Methods We retrospectively analysed free-text data from reports of incidents between January 2012 and December 2022 from Nagoya University Hospital, Japan. The sample data were randomly allocated to equal-sized training and validation datasets. We conducted morphological analysis on free text to segment terms from sentences in the training dataset. We calculated error scores for terms, individual reports and reports from staff groups according to report volume size and compared these with conventional classifications by patient safety experts. We also calculated accuracy, recall, precision and F-score values from the proposed ‘report error score’.

Results Overall, 114 013 reports were included. We calculated 36 131 ‘term error scores’ from the 57 006 reports in the training dataset. There was a significant difference in error scores between reports of incidents categorised by experts as arising from errors (p<0.001, d=0.73 (large)) and other incidents. The accuracy, recall, precision and F-score values were 0.8, 0.82, 0.85 and 0.84, respectively. Group error scores were positively associated with expert ratings (correlation coefficient, 0.66; 95% CI 0.54 to 0.75, p<0.001) for all departments.

Conclusion Our error scoring system could provide insights to improve patient safety using aggregated incident report data.

What is already known on this topic

  • Incident reporting systems have an important role in patient safety. Incidents caused by errors have a particularly significant influence on patient safety. There are various methods to analyse errors in healthcare settings, but to our knowledge, no studies have explored methods to quantify errors or analyse organisational trends by using the scores developed from free text in incident reports.

What this study adds

  • We developed error scores that partly rely on natural language processing techniques to obtain quantitative information about the presence of error factors in incident reports. Group error scores, representing averaged error scores in a certain group, were positively associated with manual ratings of patient safety experts. Our error scoring system could provide insights to improve patient safety using aggregated incident report data.
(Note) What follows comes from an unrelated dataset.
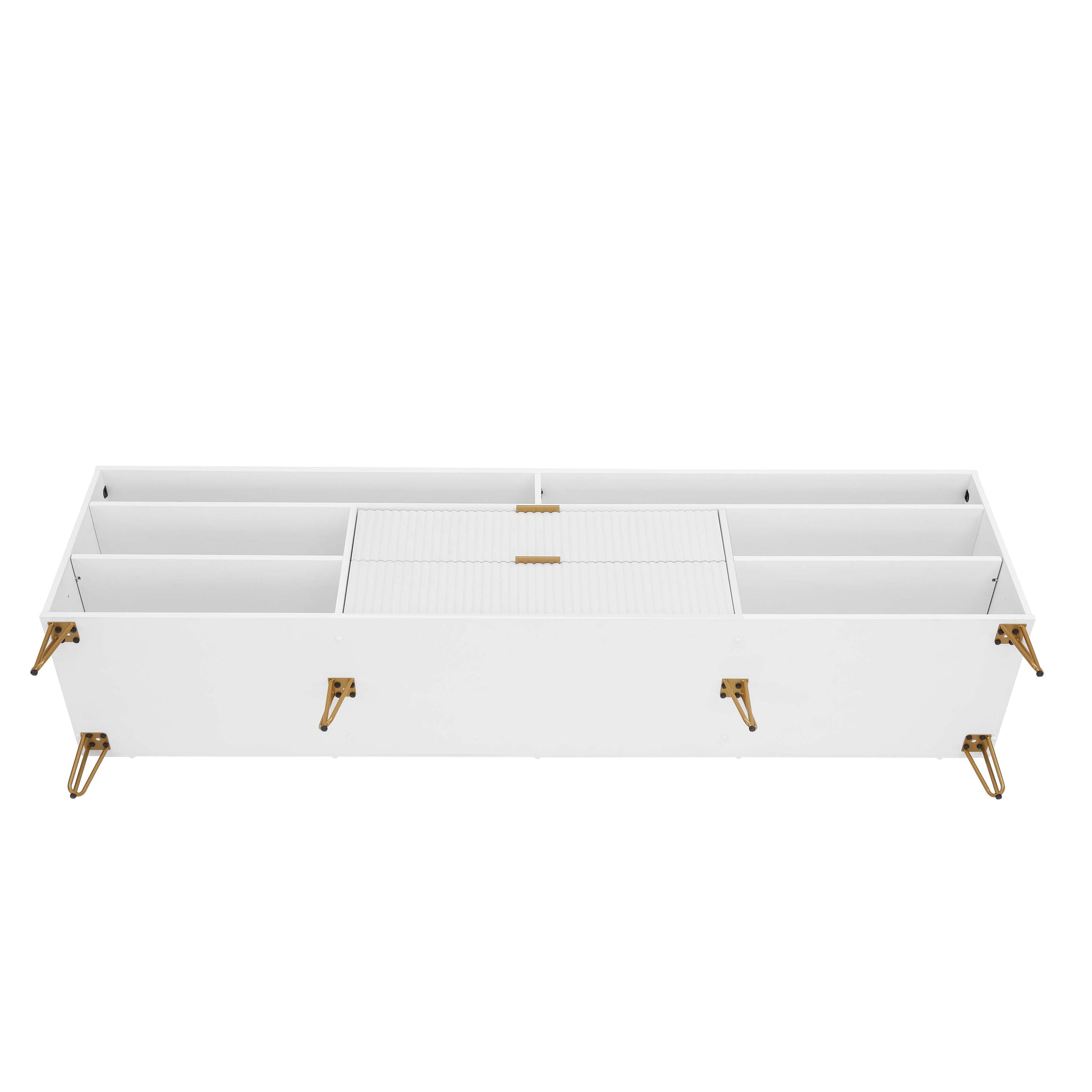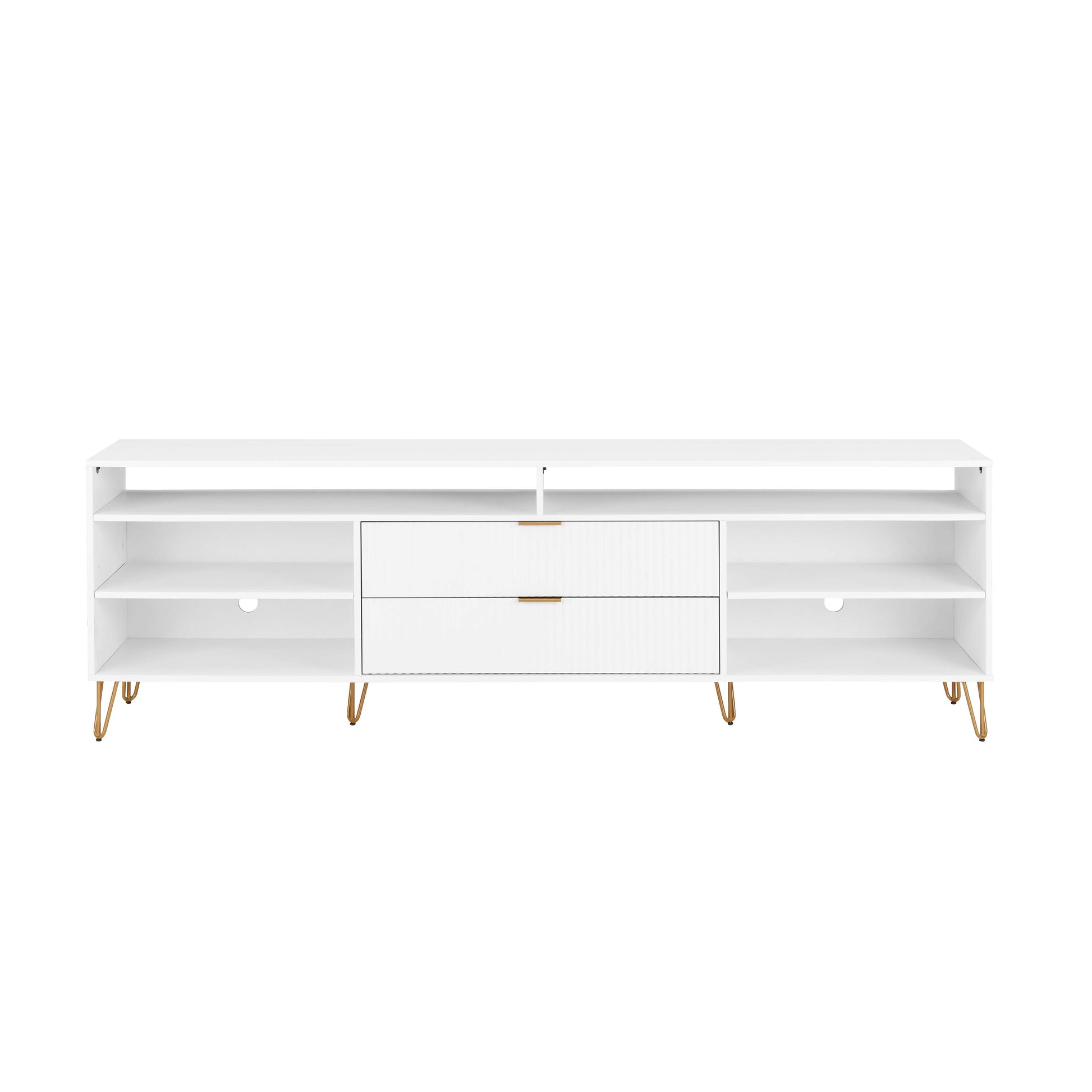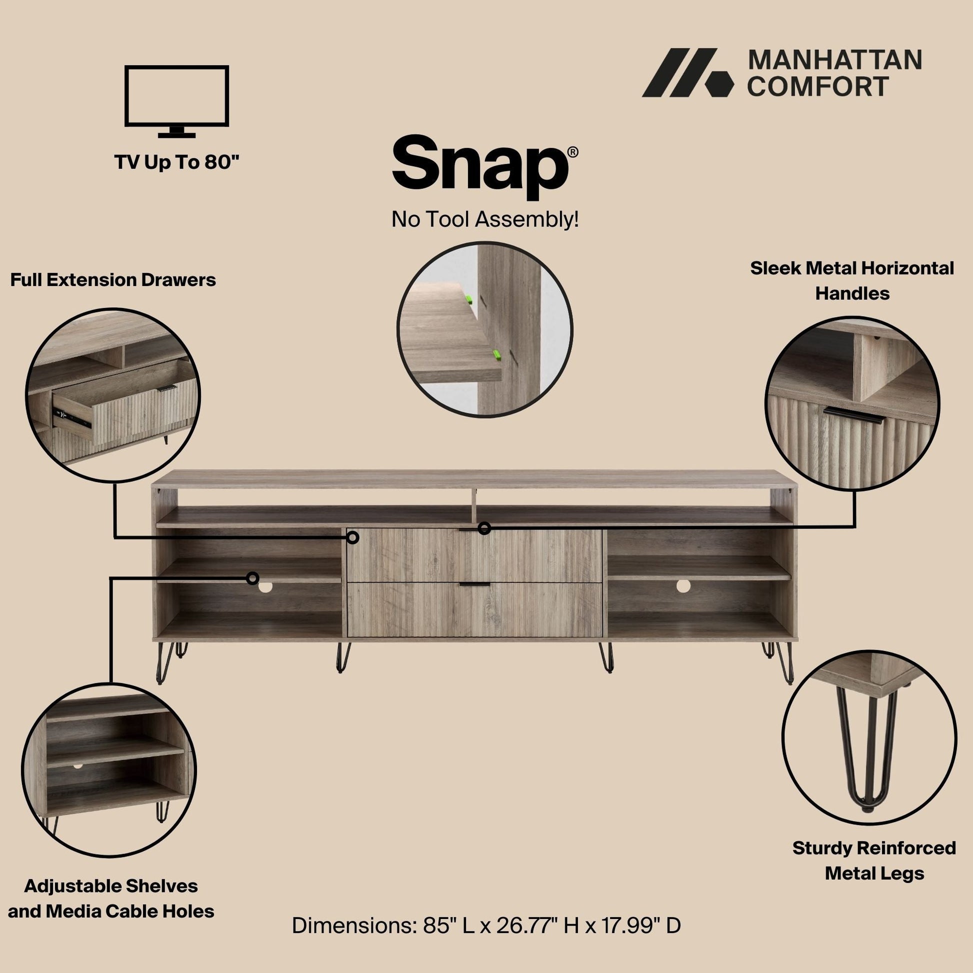 The Manhattan Comfort DUMBO Collection brings tasteful modern glam to your home! This collection features "Snap It" Assembly - no tools required for full assembly of each product! With its unique vertical ribbed drawer fronts, full extension and soft close drawers, and stylish splayed metal legs, the collection is not only a true beauty but also made with quality! Stunning variety of colors with sleek metal horizontal handles available. DUMBO is what you have been looking for all this time! Make your house a home with the DUMBO Collection.
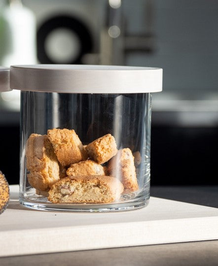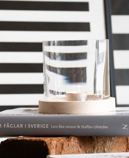 Størrelse: Glassylinderen er 11cm i diameter og 11cm høy, tretønnen/lokket er 13cm i diameter og 2cm høy.

How this study might affect research, practice or policy

  • The proposed model will be used to monitor chronological trends in errors in groups and increase the awareness of workers and general risk managers. This system will also potentially be helpful for preventing future incidents by providing a warning (score changes), as well as for educational purposes. In future, a useful tool to improve patient safety may be developed by combining and balancing multiple factors to produce scores using the same methodology applied herein.

Introduction

Many healthcare organisations have endorsed patient safety measures over the years.1 However, the rates of medical errors and adverse events continue to be of serious concern.2 Measures of quality are relatively well established, but the measurement and monitoring of safety continue to be problematic.3

Incident reporting systems allow healthcare workers to voluntarily disclose adverse events and ‘near misses’.4 5 These systems function as barometers of risk in the healthcare setting and provide a foundation for organisational learning and improvement.6 In addition, voluntary confidential submission is thought to deepen our understanding of events and promote a safe environment.5 7 The use of incident reports is strongly recommended by the Institute of Medicine.8 However, their varying quality is considered suboptimal for organisational learning.9 Reports submitted by frontline workers can provide valuable insights,4 especially the free-text sections used to describe incidents in greater detail,10 but interpretation of incidents is challenging for various reasons, including inadequate use of evolving health information technology.11

The integration of artificial intelligence into patient safety measures has gained greater attention in recent years.12 13 Studies have explored how to obtain better value from incident reports using health information technologies. One recent study proposed an original decision-making model that partly relies on natural language processing (NLP) techniques to quantify the severity of incidents from aggregated big data and measure organisational trends using the central limit theorem.14 This model was novel in two ways. First, it used an original vectorisation approach to weigh terms from a bag of words. This enabled conversion of narrative free-text data into quantitative measures. Second, the model aimed to investigate organisational patterns and trends using a computer-assisted decision-making model. Generally, techniques using NLP help to answer binary questions or classify incident types for individual reporting.15 However, the WHO recommends collecting systemic insights from aggregated incident data,6 and this model was helpful in investigating particular factors in incident reports at the organisational level. However, it is not clear whether it could also be used to measure other factors in incident reports.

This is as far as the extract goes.